Другой отец, может быть, обнял бы меня или по голове потрепал. Но не Мортимер Симмондс. Он встал, по-мужски пожал мне руку, поблагодарил и отправился вниз, чтобы сообщить хорошую новость мистеру Рапопорту, который сразу ушел. И все. Мама, спустившись к чаю, застала в своей лучшей комнате юного беженца, играющего на скрипке каприсы Паганини, и необычайно довольного сына, переворачивающего страницы.

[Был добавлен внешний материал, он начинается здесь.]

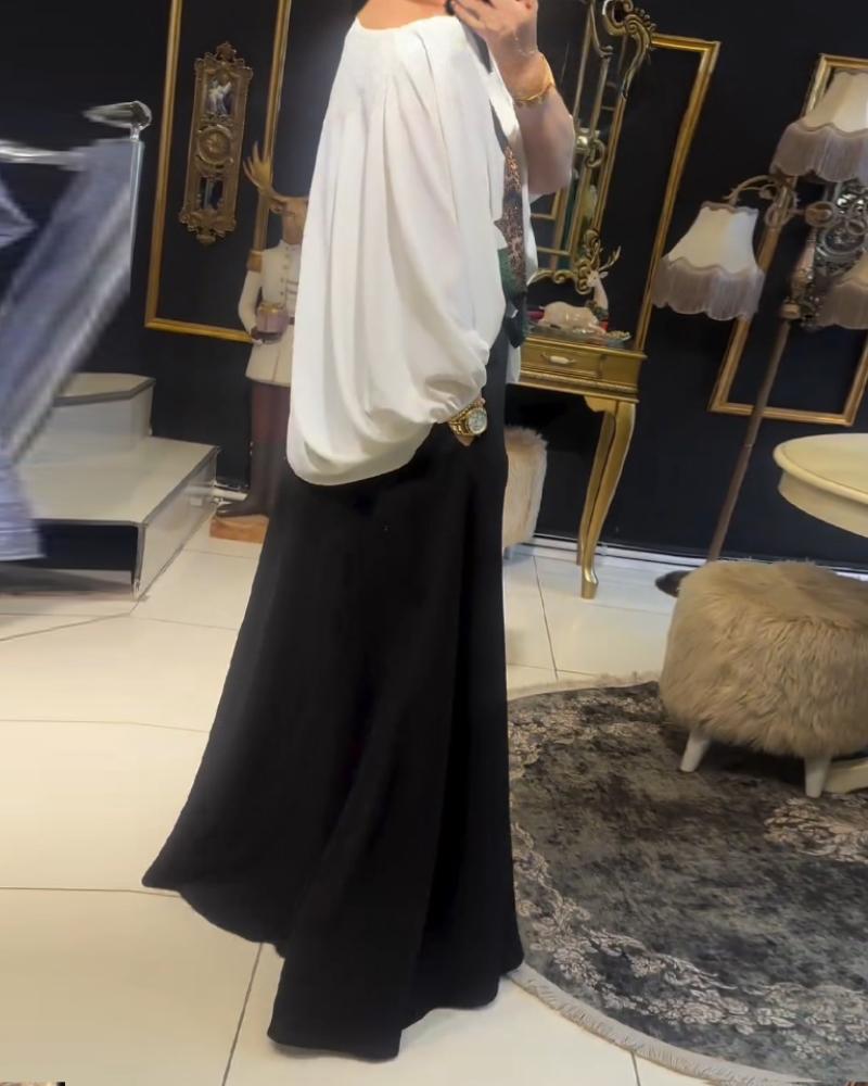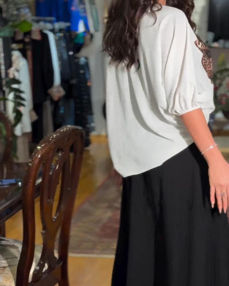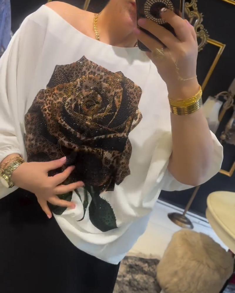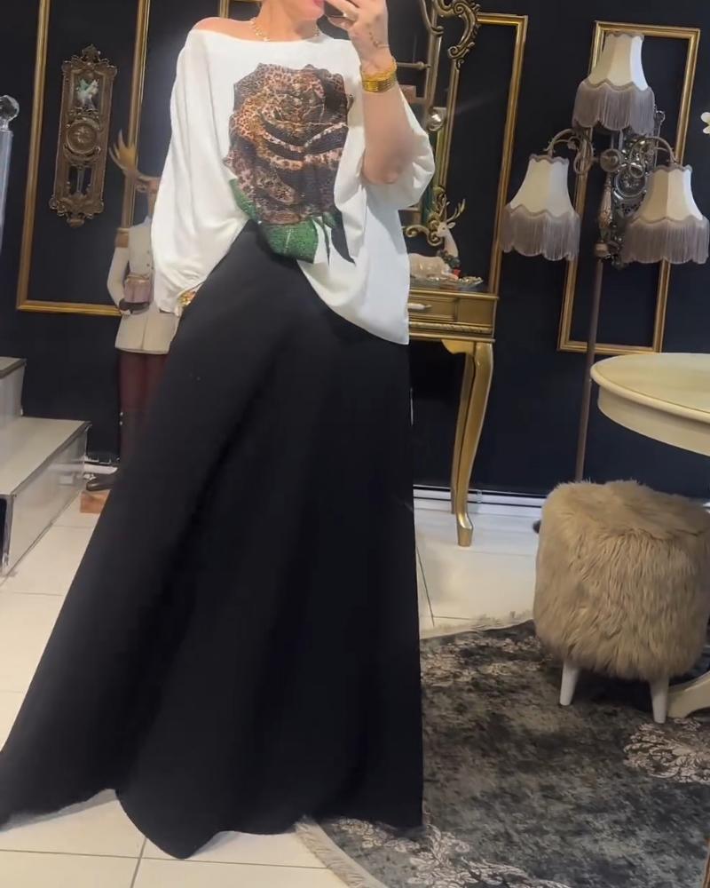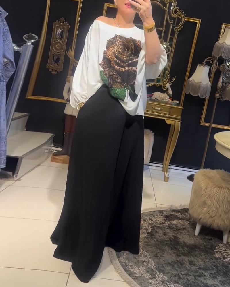 Rose Print Rhinestione Lantern Sleeve Top & Skirt Set
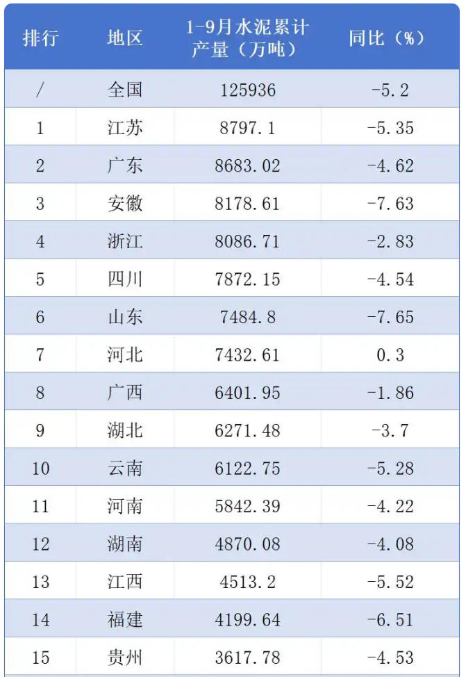 国家统计局数据显示,9水泥产量为1.54亿吨,同比下降8.6%;1-9月水泥产量为12.59亿吨,同比下降5.2%。

Скуки больше не было в тот знойный месяц перед войной. На другой день я поехал с Довидлом на двухэтажном автобусе № 13 по центру Лондона, знакомить его с городом, над которым скоро разразится блиц и погрузит его в страх и темень. Вылезли, чтобы заглянуть в полупустые музеи и дешевые залы кинохроники. Смотрели, как срывают розарии в королевских парках, как ставят армейские палатки в Хампстед-Хите, как развешивают стираное белье в трущобных дворах Камден-тауна и у вокзала Кингс-Кросс. Мы видели полисменов в шлемах, на велосипедах, с плакатами на груди и уполномоченных по гражданской обороне, свистевших в свистки: убогая имитация готовности к налетам.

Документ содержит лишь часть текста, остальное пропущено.